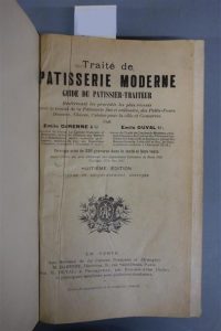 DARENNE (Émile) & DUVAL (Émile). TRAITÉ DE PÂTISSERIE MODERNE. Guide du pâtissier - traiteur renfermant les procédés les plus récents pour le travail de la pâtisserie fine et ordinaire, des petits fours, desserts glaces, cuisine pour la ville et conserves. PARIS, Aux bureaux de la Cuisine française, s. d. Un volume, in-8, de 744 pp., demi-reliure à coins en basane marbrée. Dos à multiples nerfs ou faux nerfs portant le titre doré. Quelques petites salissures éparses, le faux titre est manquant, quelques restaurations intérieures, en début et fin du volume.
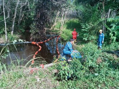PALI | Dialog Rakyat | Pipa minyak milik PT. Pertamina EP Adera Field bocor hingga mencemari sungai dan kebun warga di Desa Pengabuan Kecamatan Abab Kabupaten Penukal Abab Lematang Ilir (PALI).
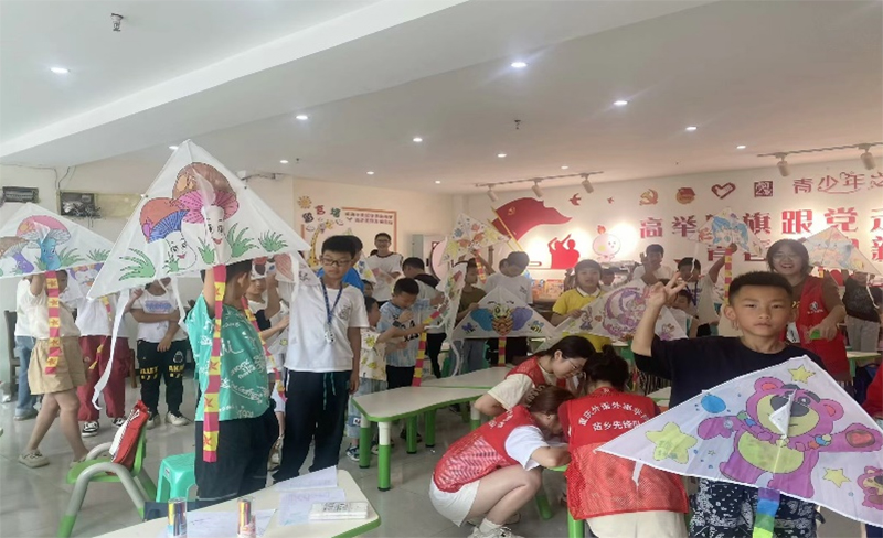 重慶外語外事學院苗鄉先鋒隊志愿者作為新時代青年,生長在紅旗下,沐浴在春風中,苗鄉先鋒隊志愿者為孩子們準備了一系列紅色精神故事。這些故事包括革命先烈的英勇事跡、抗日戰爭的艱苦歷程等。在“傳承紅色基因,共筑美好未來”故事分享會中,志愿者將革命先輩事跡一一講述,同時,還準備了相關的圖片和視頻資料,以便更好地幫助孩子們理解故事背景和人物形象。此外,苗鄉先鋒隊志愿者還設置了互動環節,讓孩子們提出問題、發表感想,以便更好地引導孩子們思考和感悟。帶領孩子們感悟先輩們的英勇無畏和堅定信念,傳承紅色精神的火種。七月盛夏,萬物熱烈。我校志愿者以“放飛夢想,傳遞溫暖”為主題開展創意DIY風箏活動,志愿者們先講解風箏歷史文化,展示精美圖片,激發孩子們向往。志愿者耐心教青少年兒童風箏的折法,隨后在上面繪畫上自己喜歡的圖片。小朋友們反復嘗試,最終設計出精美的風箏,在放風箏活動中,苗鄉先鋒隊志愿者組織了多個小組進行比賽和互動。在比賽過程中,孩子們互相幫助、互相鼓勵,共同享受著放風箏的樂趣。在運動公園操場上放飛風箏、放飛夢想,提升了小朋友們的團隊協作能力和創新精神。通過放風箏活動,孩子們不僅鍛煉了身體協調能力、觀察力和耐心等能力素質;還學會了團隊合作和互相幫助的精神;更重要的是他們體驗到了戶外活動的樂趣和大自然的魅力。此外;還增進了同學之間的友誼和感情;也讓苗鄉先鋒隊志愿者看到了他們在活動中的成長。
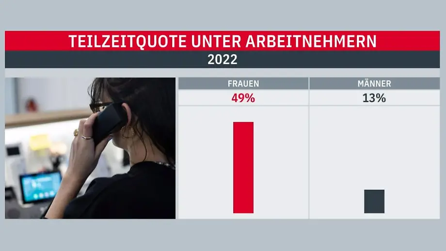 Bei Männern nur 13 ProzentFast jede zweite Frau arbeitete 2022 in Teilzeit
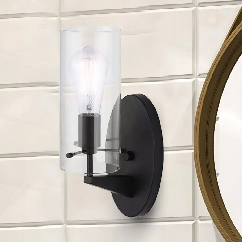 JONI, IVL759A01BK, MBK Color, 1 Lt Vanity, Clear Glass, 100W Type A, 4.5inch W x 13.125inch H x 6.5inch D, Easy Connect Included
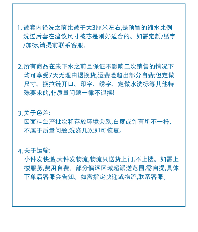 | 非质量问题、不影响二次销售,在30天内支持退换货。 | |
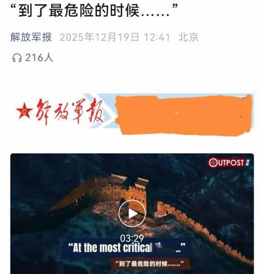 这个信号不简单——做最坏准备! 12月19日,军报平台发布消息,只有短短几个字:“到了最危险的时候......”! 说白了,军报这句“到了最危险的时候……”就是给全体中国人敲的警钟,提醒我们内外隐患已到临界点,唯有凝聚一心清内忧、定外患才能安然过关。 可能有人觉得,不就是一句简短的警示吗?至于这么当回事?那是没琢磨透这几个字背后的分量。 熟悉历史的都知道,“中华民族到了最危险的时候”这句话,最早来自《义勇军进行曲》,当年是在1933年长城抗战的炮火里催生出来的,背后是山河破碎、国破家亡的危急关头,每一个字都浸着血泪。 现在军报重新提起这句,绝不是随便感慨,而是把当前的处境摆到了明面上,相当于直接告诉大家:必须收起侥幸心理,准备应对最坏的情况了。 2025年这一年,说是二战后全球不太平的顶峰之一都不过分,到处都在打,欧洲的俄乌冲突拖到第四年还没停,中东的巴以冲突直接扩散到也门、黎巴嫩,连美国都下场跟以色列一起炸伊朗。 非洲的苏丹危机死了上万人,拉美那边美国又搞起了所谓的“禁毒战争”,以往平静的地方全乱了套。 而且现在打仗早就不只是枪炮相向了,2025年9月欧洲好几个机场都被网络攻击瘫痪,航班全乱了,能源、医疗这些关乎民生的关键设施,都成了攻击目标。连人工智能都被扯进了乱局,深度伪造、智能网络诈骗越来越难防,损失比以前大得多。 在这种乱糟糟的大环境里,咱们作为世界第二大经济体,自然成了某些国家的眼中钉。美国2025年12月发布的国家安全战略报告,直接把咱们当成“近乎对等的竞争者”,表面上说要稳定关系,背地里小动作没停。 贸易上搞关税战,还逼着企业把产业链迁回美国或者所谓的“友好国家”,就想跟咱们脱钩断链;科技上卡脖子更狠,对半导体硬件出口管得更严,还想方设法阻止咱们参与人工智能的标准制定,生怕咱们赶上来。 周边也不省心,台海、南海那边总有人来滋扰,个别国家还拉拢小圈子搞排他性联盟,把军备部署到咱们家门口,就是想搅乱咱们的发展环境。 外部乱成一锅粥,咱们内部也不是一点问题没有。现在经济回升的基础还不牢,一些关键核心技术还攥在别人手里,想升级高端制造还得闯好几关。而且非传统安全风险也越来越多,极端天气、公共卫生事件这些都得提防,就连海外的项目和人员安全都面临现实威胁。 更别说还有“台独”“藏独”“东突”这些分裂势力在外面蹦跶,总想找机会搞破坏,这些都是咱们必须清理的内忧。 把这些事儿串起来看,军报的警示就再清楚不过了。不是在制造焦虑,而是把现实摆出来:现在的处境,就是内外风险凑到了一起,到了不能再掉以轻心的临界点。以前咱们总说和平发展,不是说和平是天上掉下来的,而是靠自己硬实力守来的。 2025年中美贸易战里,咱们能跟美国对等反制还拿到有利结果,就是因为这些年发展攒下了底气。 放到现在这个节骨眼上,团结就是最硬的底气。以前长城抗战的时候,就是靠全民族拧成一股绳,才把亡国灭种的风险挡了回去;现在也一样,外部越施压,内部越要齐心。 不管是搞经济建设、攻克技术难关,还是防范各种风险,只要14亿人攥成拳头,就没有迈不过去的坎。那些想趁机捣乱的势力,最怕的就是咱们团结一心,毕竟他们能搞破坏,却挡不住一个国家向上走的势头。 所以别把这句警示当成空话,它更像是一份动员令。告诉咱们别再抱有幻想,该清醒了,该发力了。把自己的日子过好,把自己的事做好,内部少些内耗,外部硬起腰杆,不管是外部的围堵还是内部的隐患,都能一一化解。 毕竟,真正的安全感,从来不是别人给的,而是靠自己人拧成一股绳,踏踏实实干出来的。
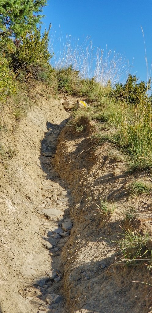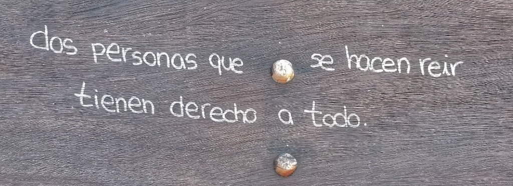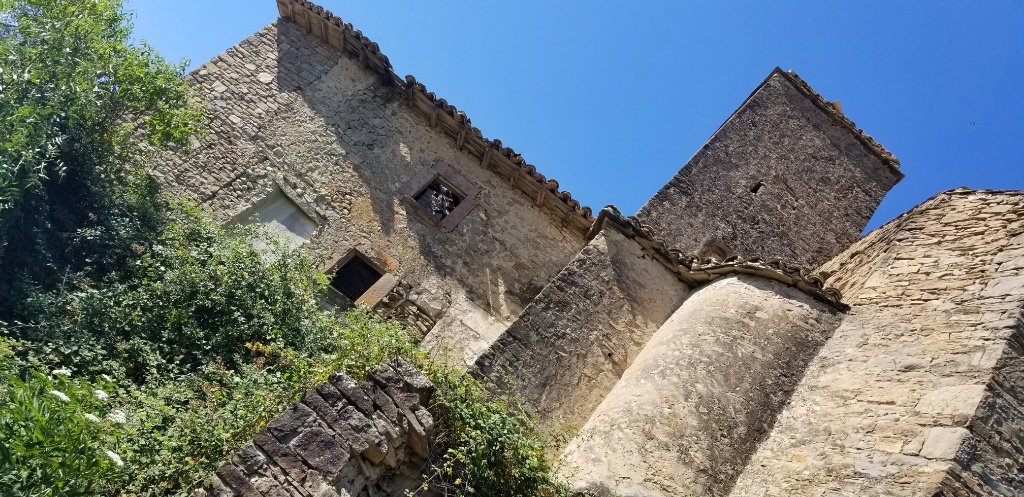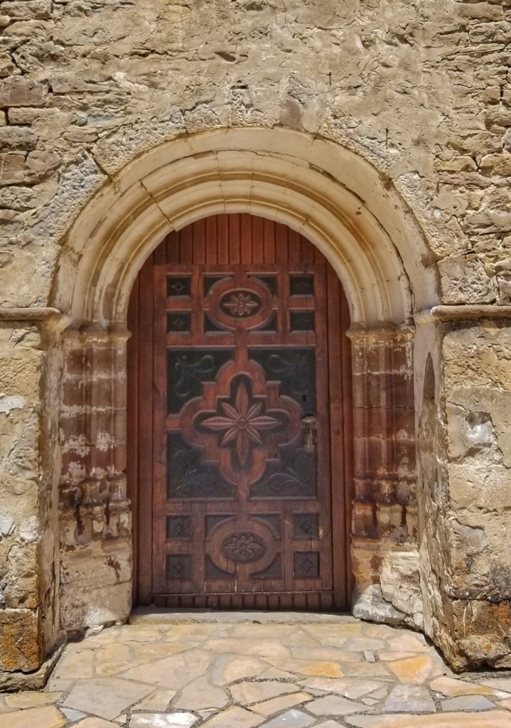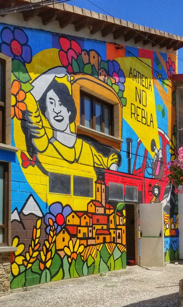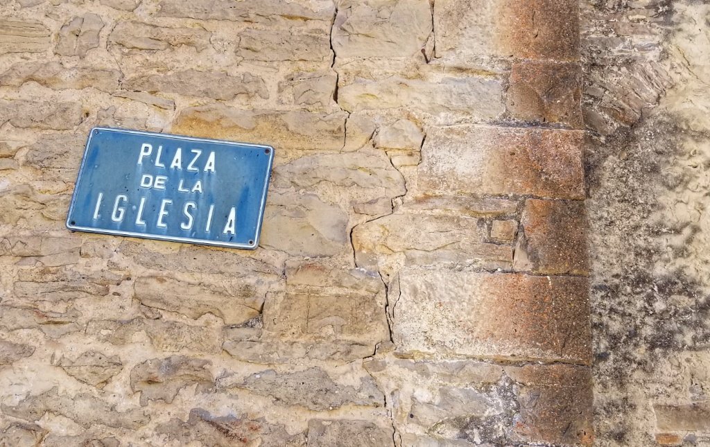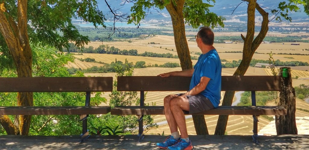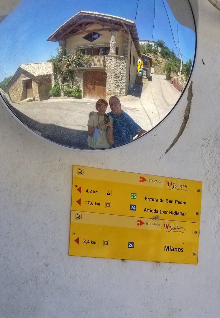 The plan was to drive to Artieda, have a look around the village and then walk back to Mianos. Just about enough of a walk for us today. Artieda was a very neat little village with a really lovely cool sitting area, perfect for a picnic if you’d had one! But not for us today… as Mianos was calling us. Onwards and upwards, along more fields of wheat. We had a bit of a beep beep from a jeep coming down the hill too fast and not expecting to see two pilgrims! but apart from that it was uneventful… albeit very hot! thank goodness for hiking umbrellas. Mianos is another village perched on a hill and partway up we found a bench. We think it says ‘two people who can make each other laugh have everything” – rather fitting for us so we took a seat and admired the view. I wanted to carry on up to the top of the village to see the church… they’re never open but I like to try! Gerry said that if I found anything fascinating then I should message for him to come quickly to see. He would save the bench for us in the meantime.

**Prompt**
Print, exactly as written, the lines above from the first one to the one containing "PALI | Dialog". Leave out pictures.

**Written solution**
 DARENNE (Émile) & DUVAL (Émile). TRAITÉ DE PÂTISSERIE MODERNE. Guide du pâtissier - traiteur renfermant les procédés les plus récents pour le travail de la pâtisserie fine et ordinaire, des petits fours, desserts glaces, cuisine pour la ville et conserves. PARIS, Aux bureaux de la Cuisine française, s. d. Un volume, in-8, de 744 pp., demi-reliure à coins en basane marbrée. Dos à multiples nerfs ou faux nerfs portant le titre doré. Quelques petites salissures éparses, le faux titre est manquant, quelques restaurations intérieures, en début et fin du volume.
PALI | Dialog Rakyat | Pipa minyak milik PT. Pertamina EP Adera Field bocor hingga mencemari sungai dan kebun warga di Desa Pengabuan Kecamatan Abab Kabupaten Penukal Abab Lematang Ilir (PALI).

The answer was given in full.